I truly believe the second one is by far a better approach. First, because it's simpler and isn't a boil the ocean kind of approach. You don't need to implement custom interface elements, reinvent the browser, recreate 30 years of GUI code from multiple platforms.
Also, it promotes a separation of code in the Data/Model/Controller layer and the View/Interface layers. This creates cleaner and easier to maintain code.
Finally, it allows UI to flourish and Ether to be future proof. A OS built for the desktop isn't necessarily good for tablets and smartphones, and a mobile OS might not be good for wearables, robots or microwaves. OS's and interface needs change and separating Ether as just the data api we allow it to flourish in any platform.
A good example is Twitter clients. When twitter started, it was an open platform that allowed anyone to build clients on top. This created an environment where UI design flourished as everyone tested different approaches, on multiple platforms. The best innovative UI of the time came from twitter third party clients.
So in my vision, the reference client should only have a very basic "contract navigator" that permits you to use and test any contracts, but allows you to launch it in an external client for a better experience. This contract could have a list of accepted commands and a basic UI to provide the correct data in each command (a api request builder) but not more. The way data is presented, and how the interface is displayed, should be left to developers. (see attached)

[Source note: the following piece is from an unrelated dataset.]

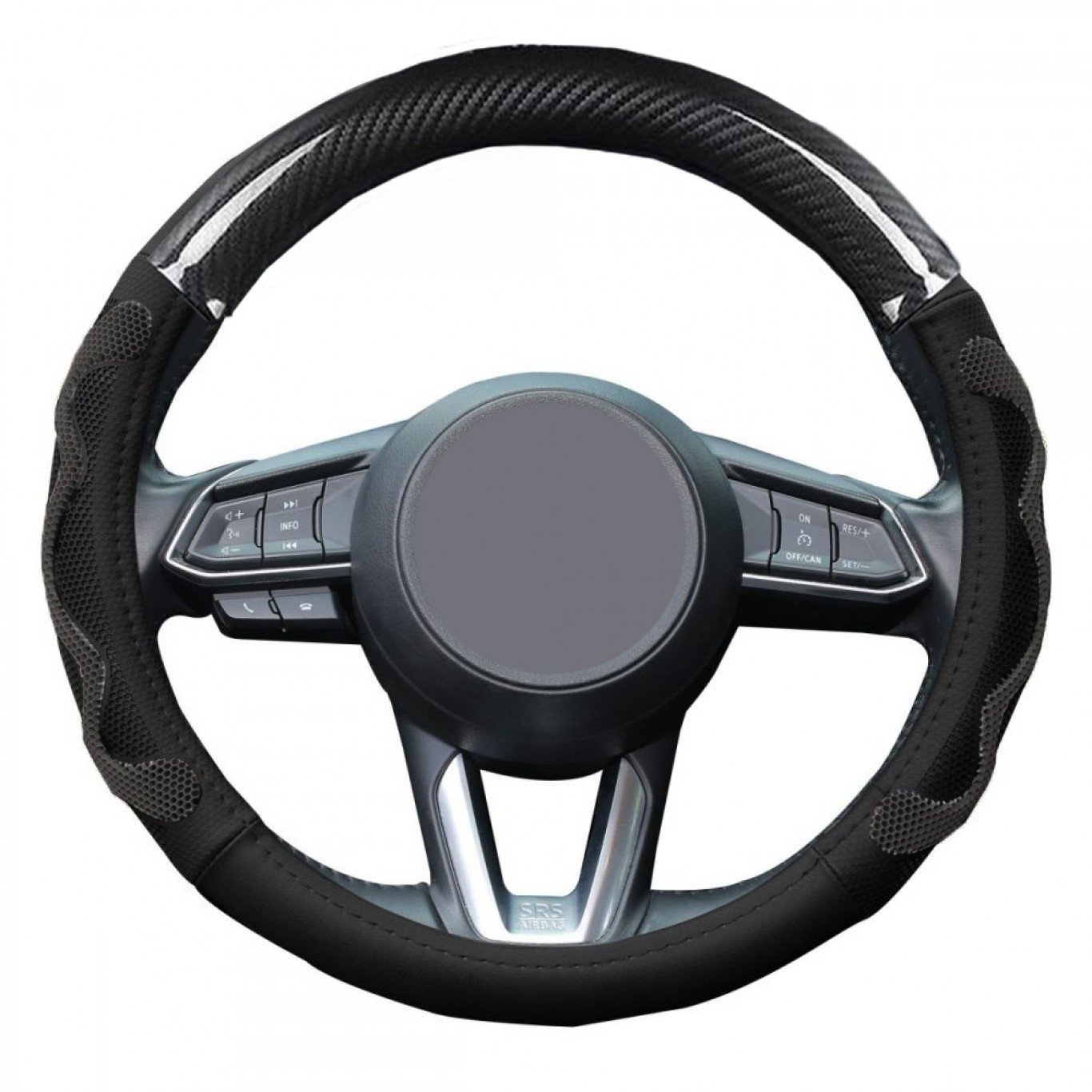 Κάλυμμα Τιμονιού Δερματίνη 37-38cm - CarSun Μαύρο

Does everyone thinks similarly or am I too off the mark?
Comments
Right now there is no standard way for a contract to publish details of expected inputs. In fact POC-4 takes us to a place where this is more necessary because inputs to a contract are no longer a simple list but a binary blob format that will differ for each contract. A standard way for a contract to expose "API metadata" would make general-purpose contract browsers like yours feasible, and I think that would cover the UI needs for 99% of the contracts.
Whoever builds the first contract browsing GUI with widespread use -- that person will essentially set the standard. It might be the core dev team, but I'm not sure they've thought this far ahead.

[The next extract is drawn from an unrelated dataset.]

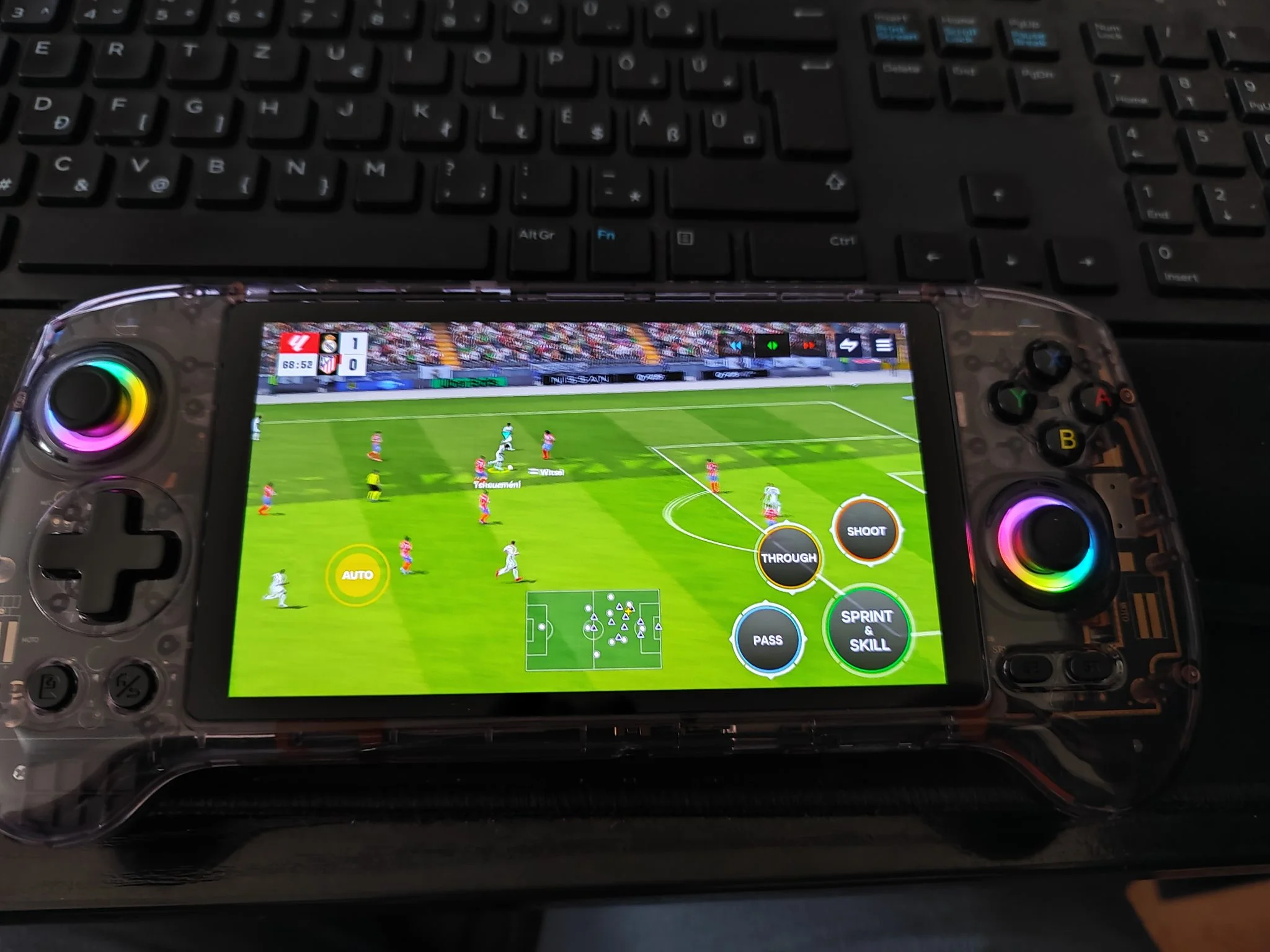 A D-pad kiváló: pontos, puha, jól reagál. A fő gombok (A/B/X/Y) gumimembránosak, kellemes nyomásponttal, a matt felületük pedig kevésbé csúszik, mint a korábbi modellek fényes verzióin. A vállgombok mikrokapcsolósak, gyorsan reagálnak, de zajosak – ez zárt térben zavaró lehet. A ravaszok viszont alulteljesítenek: túl rövidek, túl kemények, nincs bennük igazi analóg érzés, inkább digitális érzetet keltenek. Az analóg karok a legnagyobb csalódást jelentik: túl kicsik, túl mélyen ülnek és nehézkes velük a finom irányítás. FPS vagy autós játékoknál ez zavaró, de még egy PSP emuláció esetén is kényelmetlen.

I definitely agree with @avsa? that trying to make the ethereum client itself the primary means of interacting with contracts is going a bit too far. I appreciate that HTML5 is supposed to allow you freedom to do "whatever you want", but I just don't see that actually panning out when you account for all the design assets and UI specialization logic required to be bundled with it.

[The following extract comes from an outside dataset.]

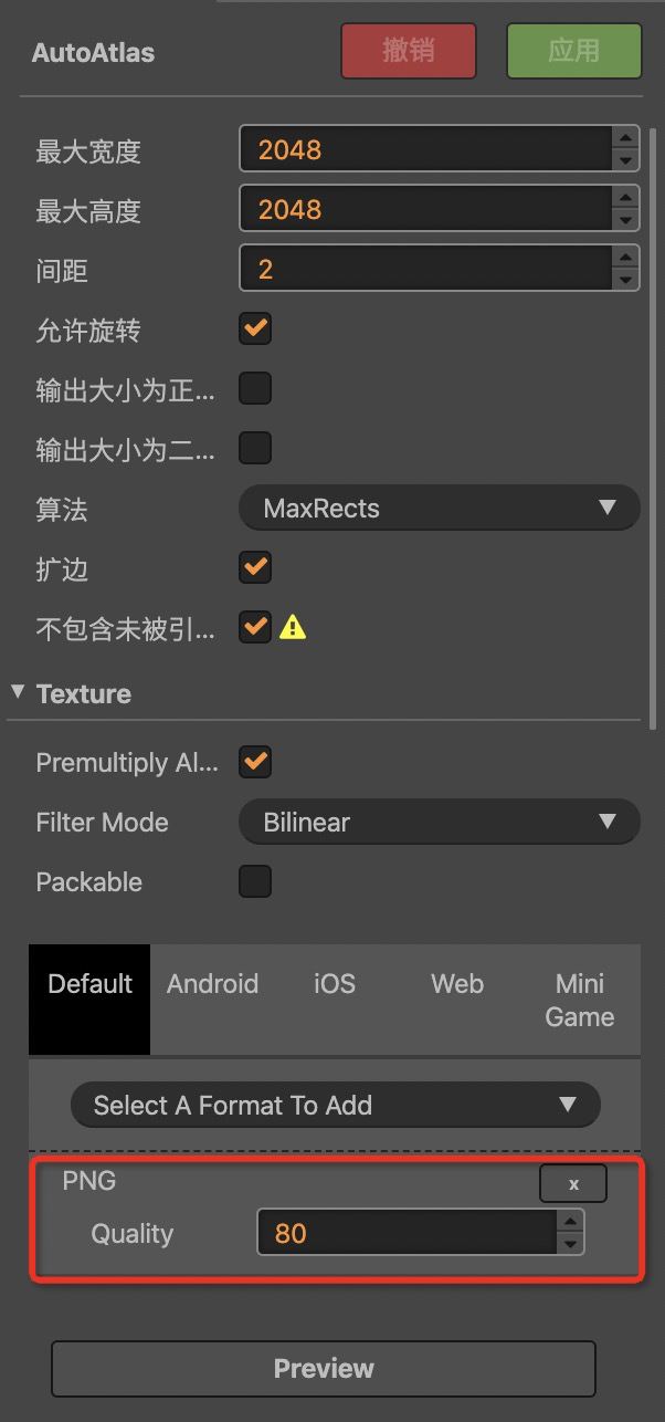 如上图,添加合图后选中PNG压缩,输出release版本后合图资源大小跟未勾选压缩的一样

Insight into the thinking around this part would be appreciated.
@avsa, could you mock up a simple contract parser based on @mode80 etherscripter blocks or something similar? Your GUI would grab the contract code, get the details a la some blockchain viewer for additional information and then ok known code vs. unknown code and give free hints/paid solutions for anyone needing to discover the intent of a contract. I see only upside if we agree on WiA/BP but I am willing to entertain other solutions that avoid a muddy protocol.
I think we'll eventually need an EVM decompiler that's useful for auditing a contract's actual behavior, combined with some kind of reputation system.
From what I can gather here (specifically the last paragraph), is the idea that you point the client at a URL which can be a local file or a traditional web server, that provides you the content including javascript that has access to your ethereum client. All you really need is strong UI elements in the ethereum client/browser to provide an ACCEPT/DECLINE for create(), transact(), key() and keys(), and you're good to go. DApps can be served like a traditional website with the power of ethereum for the parts that need it, or can be packaged and distributed over something like a DHT-tracked torrent to run entirely locally.
The relevant take-away is that there seems to be very little hints yet of the ethereum client forcing any one particular UI onto DApps.